De acordo com a PF, o criador e último autor do documento foi o usuário “Fernanda Bolsonaro”, que os investigadores acreditam ser a nora do ex-presidente e esposa do senador Flávio Bolsonaro (PL-RJ), Fernanda Antunes Figueira Bolsonaro.
O material foi salvo no celular do ex-chefe do Executivo no dia 10 de fevereiro de 2024, dois dias após a deflagração da Operação Tempus Veritatis, que apurou a atuação dos investigados na tentativa de golpe de Estado e abolição do Estado Democrático de Direito. Durante a operação, foram apreendidos os passaportes de Bolsonaro e outros aliados.
Segundo a PF, o documento mostra que o ex-presidente, “desde a deflagração da operação Tempus Veritatis, planejou atos para fugir do país, com o objetivo de impedir a aplicação de lei penal”.

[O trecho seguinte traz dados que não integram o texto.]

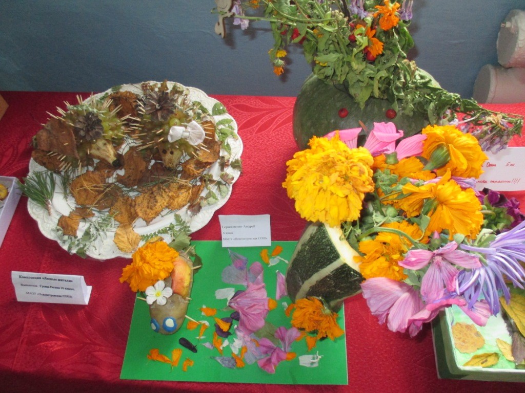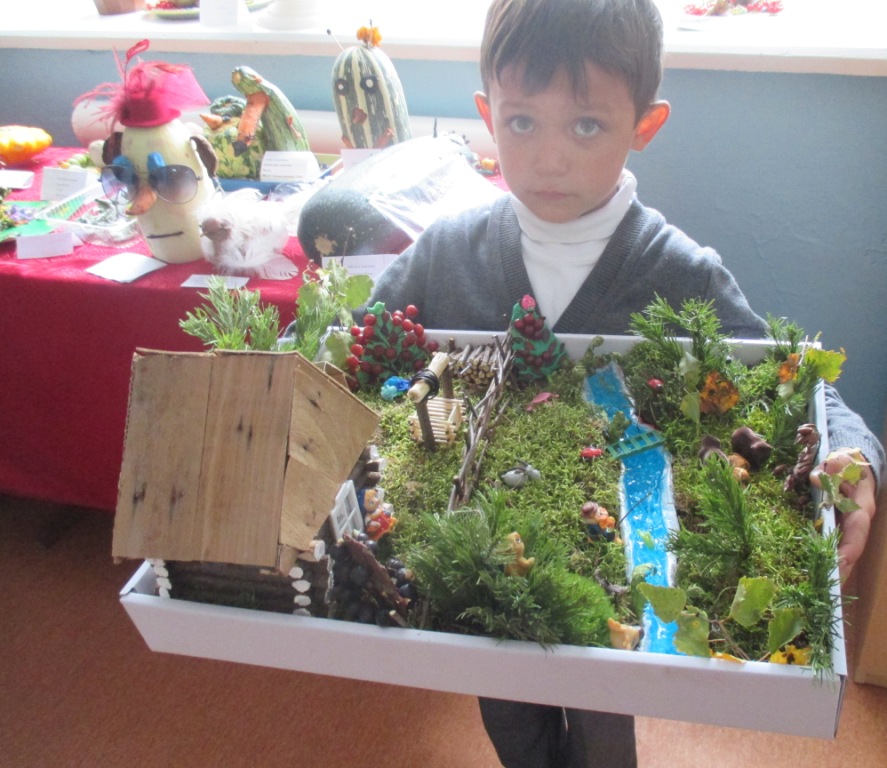 Осень — это славная пора, богатая интересными природными материалами: шишками, разноцветными цветами и листиками, осенние поделки из природного материала можно делать даже из фруктов и овощей. Ребята с удовольствием приняли участие в выставке, поразили оригинальностью своих задумок, техникой выполнения, своеобразием и неповторимостью работ.

O relatório da PF destaca, ainda, que cerca de dois meses antes da última edição do documento encontrado, Bolsonaro viajou para a Argentina, acompanhado do filho Eduardo, para assistir a posse do presidente Milei. Bolsonaro comunicou ao ministro Alexandre de Moraes, do Supremo Tribunal Federal(STF), que viajaria para a Argentina nos dias 7 a 11 de dezembro. Segundo a defesa do ex-presidente, ele teria avisado o ministro por ser alvo de investigações.